EXERCISE
The answer must consist of each line below that contains the string "through".

MATERIAL TO PROCESS
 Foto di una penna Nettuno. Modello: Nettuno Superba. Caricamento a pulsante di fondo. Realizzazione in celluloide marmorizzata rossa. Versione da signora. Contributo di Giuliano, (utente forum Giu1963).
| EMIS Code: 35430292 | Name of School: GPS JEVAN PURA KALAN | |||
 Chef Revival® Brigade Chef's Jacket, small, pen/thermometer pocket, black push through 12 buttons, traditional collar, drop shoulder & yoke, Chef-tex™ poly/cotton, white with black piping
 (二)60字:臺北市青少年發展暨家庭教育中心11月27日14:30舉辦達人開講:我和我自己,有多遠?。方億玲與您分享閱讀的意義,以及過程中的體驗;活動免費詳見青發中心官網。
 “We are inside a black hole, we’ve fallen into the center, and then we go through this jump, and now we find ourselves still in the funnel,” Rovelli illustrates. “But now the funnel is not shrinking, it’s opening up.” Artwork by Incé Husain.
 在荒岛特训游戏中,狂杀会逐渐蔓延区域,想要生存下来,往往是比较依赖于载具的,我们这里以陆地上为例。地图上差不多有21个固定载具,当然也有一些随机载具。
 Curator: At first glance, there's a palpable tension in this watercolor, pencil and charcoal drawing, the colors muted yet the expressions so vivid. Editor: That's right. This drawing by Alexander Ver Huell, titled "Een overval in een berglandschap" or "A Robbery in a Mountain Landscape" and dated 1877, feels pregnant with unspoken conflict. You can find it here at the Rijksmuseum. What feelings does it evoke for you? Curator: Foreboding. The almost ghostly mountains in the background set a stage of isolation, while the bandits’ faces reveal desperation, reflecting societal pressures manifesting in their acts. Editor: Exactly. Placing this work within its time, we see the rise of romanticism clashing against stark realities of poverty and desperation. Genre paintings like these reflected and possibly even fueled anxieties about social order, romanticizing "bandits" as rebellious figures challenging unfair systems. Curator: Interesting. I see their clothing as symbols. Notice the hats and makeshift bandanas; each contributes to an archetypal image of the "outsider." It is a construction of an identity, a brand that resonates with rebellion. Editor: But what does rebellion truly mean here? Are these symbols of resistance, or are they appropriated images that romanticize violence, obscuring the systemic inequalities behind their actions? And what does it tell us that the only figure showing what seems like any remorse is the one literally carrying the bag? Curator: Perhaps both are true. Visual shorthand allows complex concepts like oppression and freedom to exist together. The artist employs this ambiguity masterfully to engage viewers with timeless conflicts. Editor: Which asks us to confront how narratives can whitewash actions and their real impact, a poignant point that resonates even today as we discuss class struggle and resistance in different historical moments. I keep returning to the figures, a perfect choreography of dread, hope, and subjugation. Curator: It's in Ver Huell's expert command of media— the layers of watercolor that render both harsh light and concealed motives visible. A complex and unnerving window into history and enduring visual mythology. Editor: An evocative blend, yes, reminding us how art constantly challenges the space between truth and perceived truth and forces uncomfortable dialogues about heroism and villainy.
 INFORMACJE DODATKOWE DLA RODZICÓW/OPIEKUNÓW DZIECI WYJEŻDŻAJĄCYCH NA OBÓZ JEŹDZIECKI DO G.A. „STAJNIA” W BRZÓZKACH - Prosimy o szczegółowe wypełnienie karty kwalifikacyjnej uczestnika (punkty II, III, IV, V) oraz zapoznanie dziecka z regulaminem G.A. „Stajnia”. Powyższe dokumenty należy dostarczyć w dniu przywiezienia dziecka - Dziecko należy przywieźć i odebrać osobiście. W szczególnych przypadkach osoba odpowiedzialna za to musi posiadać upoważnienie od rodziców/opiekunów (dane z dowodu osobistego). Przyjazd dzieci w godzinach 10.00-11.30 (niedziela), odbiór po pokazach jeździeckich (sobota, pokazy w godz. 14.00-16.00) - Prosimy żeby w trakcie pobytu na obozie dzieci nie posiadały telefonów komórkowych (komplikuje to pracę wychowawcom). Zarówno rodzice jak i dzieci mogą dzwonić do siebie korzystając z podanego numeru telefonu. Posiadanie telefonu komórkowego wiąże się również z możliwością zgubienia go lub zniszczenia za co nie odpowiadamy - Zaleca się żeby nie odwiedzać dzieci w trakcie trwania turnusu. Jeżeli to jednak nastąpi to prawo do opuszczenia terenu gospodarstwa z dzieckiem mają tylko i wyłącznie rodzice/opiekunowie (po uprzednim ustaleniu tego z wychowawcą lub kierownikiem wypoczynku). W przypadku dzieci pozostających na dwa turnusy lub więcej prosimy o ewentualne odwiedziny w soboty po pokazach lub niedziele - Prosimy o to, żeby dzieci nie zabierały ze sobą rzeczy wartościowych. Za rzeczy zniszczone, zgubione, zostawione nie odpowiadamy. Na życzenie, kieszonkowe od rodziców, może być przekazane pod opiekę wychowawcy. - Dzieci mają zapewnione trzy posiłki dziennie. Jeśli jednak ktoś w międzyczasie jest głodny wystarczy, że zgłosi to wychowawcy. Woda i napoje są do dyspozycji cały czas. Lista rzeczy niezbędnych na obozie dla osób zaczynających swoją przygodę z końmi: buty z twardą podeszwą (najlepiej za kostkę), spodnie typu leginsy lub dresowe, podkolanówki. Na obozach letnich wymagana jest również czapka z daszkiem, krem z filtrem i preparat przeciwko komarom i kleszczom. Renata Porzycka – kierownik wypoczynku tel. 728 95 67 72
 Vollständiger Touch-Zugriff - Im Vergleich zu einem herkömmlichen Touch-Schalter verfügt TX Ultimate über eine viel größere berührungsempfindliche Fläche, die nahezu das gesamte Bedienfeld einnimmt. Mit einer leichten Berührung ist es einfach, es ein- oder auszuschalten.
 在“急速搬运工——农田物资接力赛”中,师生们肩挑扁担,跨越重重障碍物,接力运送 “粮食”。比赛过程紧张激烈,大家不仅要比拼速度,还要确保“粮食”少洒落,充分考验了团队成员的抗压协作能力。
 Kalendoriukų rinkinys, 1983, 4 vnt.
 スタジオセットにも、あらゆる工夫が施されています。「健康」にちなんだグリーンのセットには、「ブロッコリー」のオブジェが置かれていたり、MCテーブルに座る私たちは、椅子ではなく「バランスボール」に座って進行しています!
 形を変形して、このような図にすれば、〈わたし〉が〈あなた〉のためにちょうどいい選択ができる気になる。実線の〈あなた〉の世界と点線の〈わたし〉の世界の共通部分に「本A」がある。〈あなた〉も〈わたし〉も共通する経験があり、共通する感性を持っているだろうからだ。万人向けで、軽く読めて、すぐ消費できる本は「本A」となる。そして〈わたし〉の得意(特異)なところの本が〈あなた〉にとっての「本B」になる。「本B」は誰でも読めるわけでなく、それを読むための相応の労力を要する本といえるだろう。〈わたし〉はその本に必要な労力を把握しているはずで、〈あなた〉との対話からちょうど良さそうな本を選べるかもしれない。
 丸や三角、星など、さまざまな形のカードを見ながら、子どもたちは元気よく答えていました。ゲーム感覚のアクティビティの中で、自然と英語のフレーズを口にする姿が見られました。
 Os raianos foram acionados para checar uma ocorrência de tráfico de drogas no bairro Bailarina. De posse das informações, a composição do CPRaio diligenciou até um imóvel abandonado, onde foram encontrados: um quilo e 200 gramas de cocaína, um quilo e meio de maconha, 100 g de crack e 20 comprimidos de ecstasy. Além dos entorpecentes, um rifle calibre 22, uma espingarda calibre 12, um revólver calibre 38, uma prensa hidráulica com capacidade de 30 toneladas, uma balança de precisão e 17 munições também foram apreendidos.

OUTPUT FOR THIS TASK
 Chef Revival® Brigade Chef's Jacket, small, pen/thermometer pocket, black push through 12 buttons, traditional collar, drop shoulder & yoke, Chef-tex™ poly/cotton, white with black piping
 “We are inside a black hole, we’ve fallen into the center, and then we go through this jump, and now we find ourselves still in the funnel,” Rovelli illustrates. “But now the funnel is not shrinking, it’s opening up.” Artwork by Incé Husain.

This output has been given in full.